* **Exercise details**
Exact repetition of a range: find the line containing "Estas calças palazzo" and the line containing "S, M, L, XL, 2XL, 3XL, 4XL, 5XL |" in the material below, then repeat both and all lines between them, leaving pictures out.

* **Supplied data**
────────────────────────────────────────

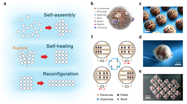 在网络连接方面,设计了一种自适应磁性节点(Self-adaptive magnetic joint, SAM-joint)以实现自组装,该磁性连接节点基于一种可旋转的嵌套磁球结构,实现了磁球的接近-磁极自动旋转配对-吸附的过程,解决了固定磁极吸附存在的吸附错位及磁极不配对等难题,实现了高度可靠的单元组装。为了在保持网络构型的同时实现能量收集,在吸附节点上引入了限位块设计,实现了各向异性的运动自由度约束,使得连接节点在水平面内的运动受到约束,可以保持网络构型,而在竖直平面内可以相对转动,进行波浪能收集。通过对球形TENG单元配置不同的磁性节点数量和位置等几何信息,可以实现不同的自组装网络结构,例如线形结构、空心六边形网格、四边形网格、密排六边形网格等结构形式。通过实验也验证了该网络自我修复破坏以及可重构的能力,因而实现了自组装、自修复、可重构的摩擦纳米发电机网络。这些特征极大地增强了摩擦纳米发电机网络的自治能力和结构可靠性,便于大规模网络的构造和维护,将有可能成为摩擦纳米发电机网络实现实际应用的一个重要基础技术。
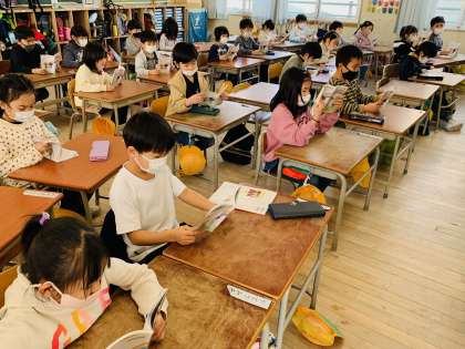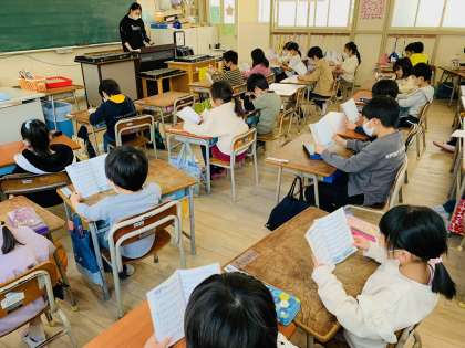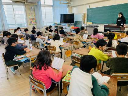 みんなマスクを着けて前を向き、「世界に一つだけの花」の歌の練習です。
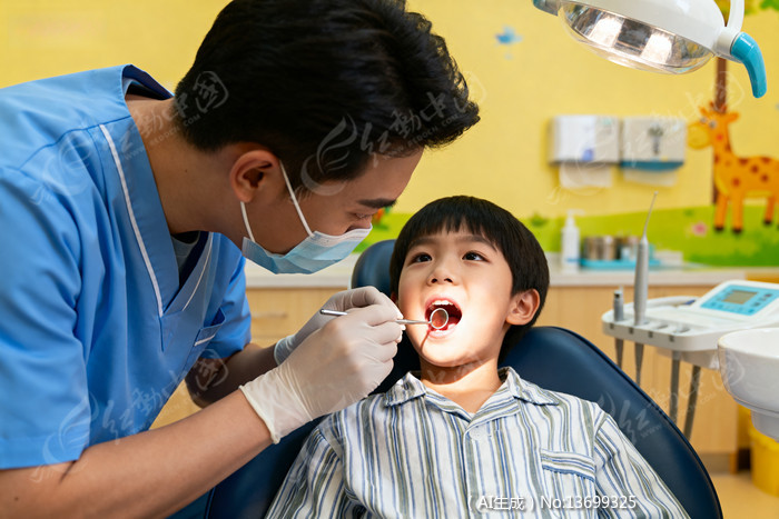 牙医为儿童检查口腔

────────────────────────────────────────

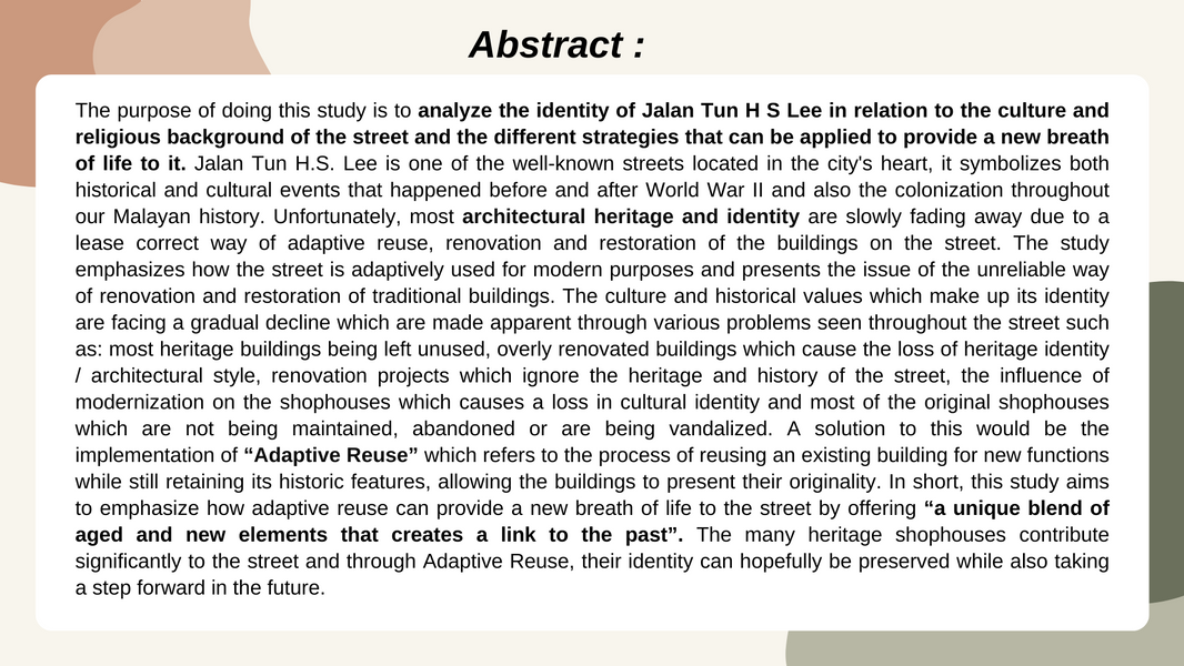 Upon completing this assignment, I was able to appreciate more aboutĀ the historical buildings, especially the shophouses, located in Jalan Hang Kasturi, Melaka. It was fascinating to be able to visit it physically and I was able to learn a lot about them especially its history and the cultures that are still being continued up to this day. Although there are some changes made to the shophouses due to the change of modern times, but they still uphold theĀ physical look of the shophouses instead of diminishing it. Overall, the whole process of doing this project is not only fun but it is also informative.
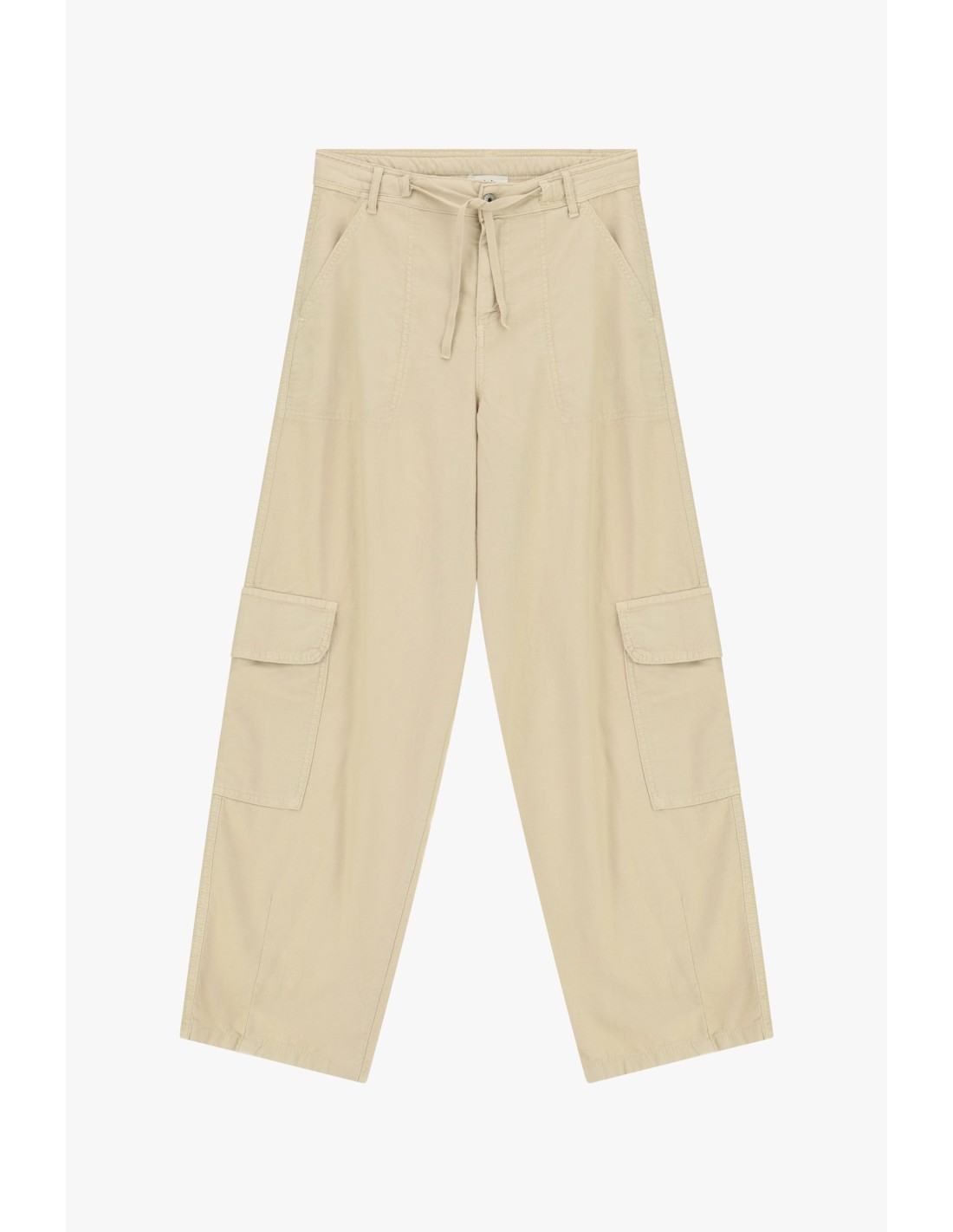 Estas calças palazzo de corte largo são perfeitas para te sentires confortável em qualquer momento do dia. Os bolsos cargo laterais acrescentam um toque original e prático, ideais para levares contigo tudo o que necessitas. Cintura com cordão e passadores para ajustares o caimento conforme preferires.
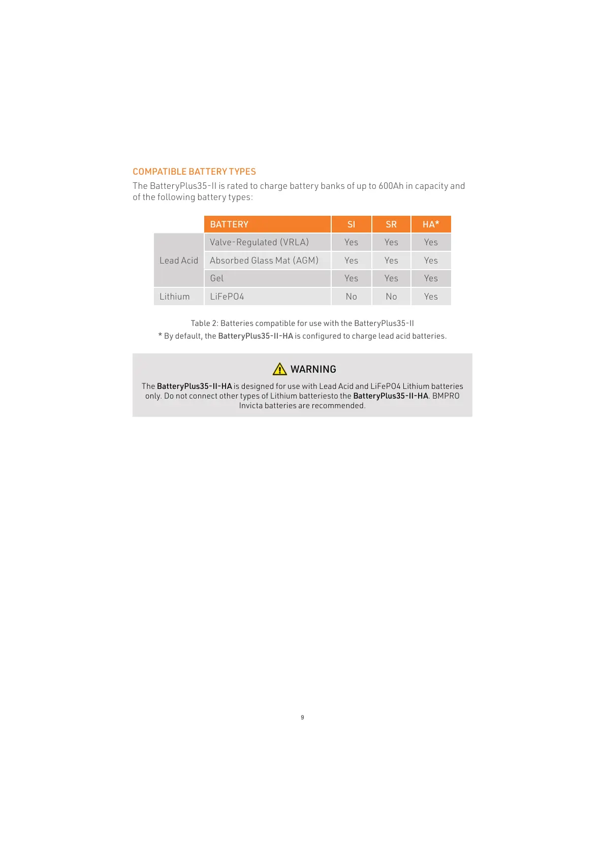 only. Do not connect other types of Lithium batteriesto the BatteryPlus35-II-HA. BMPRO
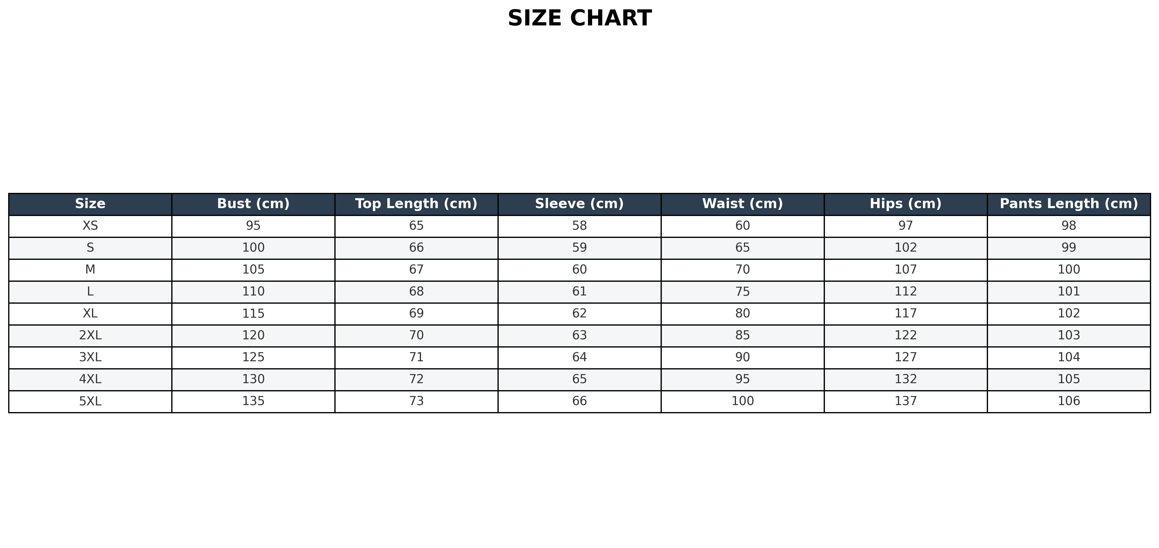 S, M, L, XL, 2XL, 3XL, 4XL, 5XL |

────────────────────────────────────────

* **Answer area**
 Estas calças palazzo de corte largo são perfeitas para te sentires confortável em qualquer momento do dia. Os bolsos cargo laterais acrescentam um toque original e prático, ideais para levares contigo tudo o que necessitas. Cintura com cordão e passadores para ajustares o caimento conforme preferires.
 only. Do not connect other types of Lithium batteriesto the BatteryPlus35-II-HA. BMPRO
 S, M, L, XL, 2XL, 3XL, 4XL, 5XL |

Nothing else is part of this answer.